If anything positive comes out of this episode, Jacob Tremblay has a great acting career ahead of him. Normally child actors in television series are barely passable, but Tremblay puts on a convincing role of a child who can be sweet and lovable in one moment and then immediately turn on a dime to become the sadistic, spoiled, (powerful) child the next. Oliver’s presidency takes a spoiled child and puts him in the White House where he refuses to have his physical, abuses social media, throws tantrums constantly, accuses anyone who questions him of treason, enacts illegal executive orders, and claims to be the greatest at everything (like golf). Do you get it yet? HE’S AN ANALOGY TO TRUMP.
The Wunderkind could only be more blunt if Jacob Tremblay’s character was named Tronald Dump. Despite this there are some truly tense moments in the episode, such as when Jacob and Raff are playing golf and Jacob tries to force Raff to show his allegiance and accept that Jacob hit a hole in one (he didn’t).

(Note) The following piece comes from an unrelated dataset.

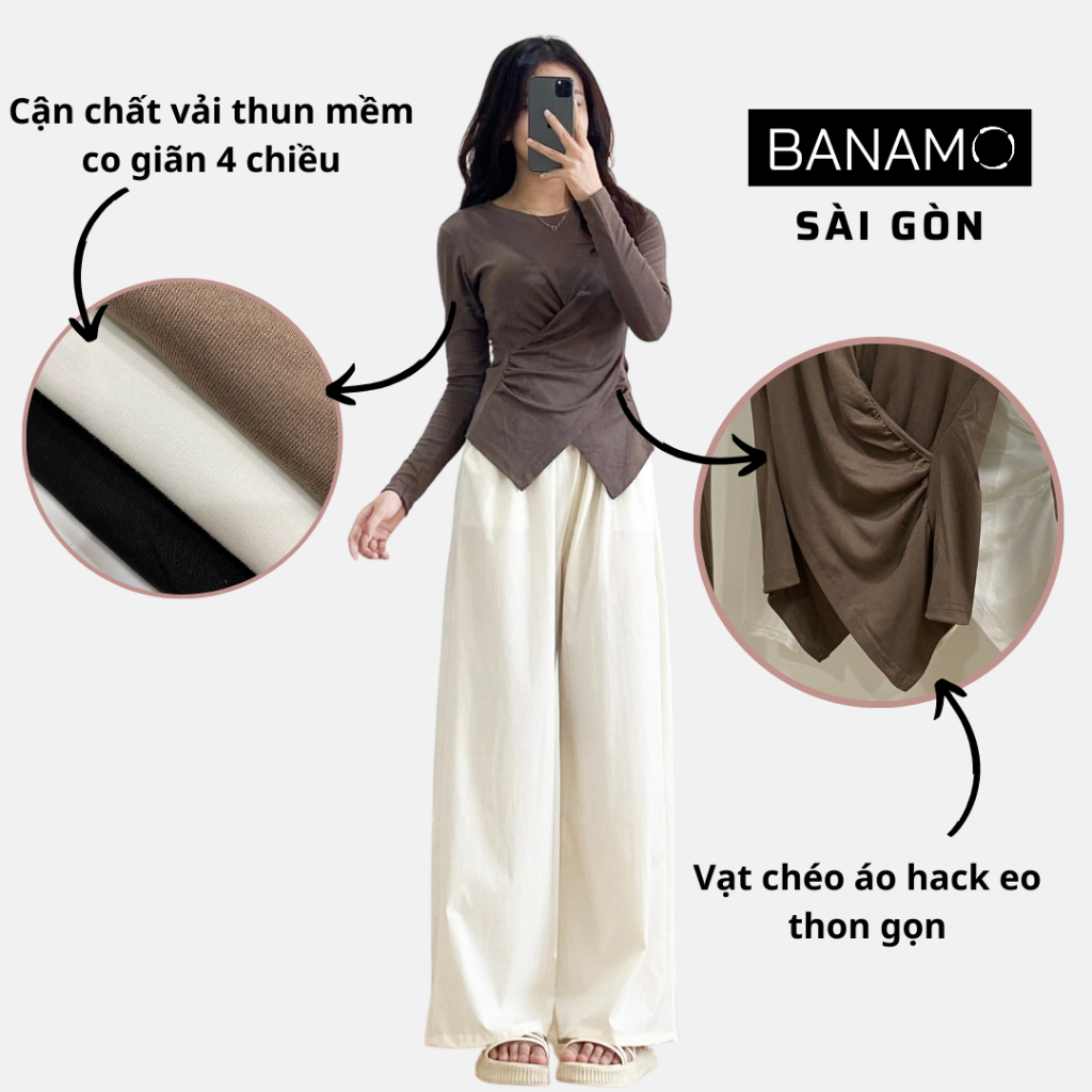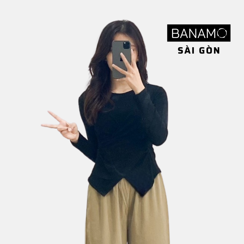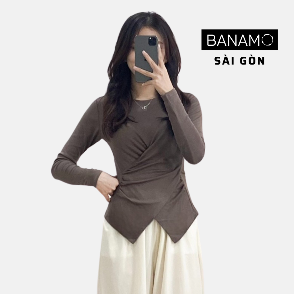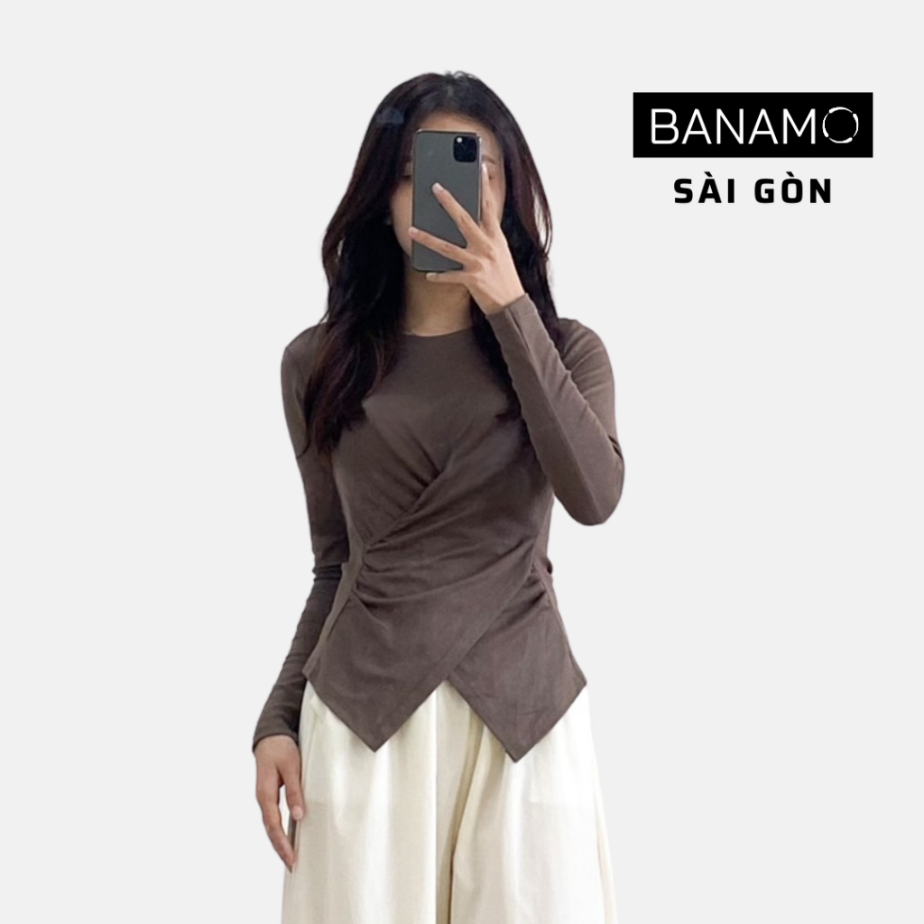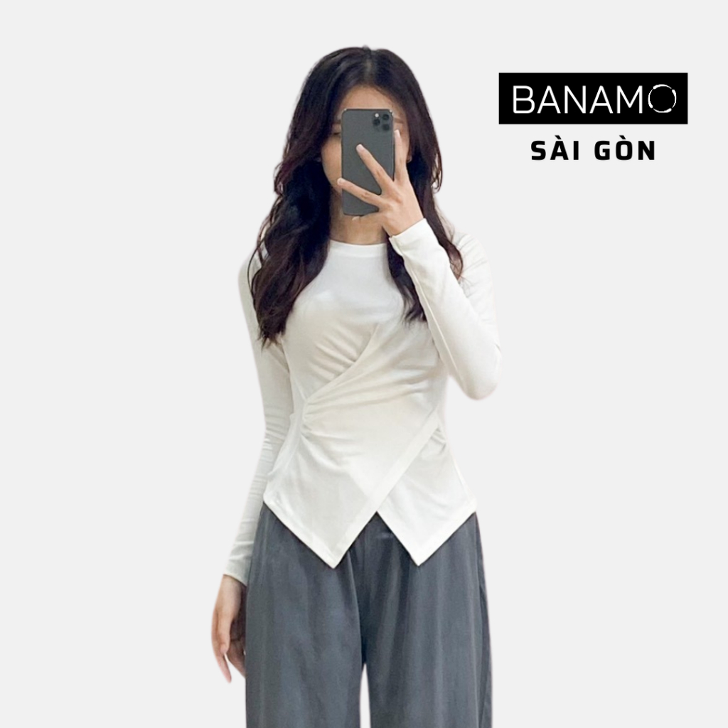 Áo thun nữ bigsize Banamo Sài Gòn áo thun trơn dài tay nhúm eo vạt chéo 3113

It’s reminiscent of moments like the four lights with Star Trek’s Picard.
In Conclusion
CBS hopes that The Twilight Zone will bring in subscribers for their All Access subscription. Had the show been part of the CBS network, it would be a passable show to take up half an hour to an hour on a weekly basis. Instead CBS expects customers to fork over nearly the cost of Netflix or Hulu for a small handful of exclusive shows that aren’t that great on their own, let alone having to pay for an extra subscription for the privilege to watch them.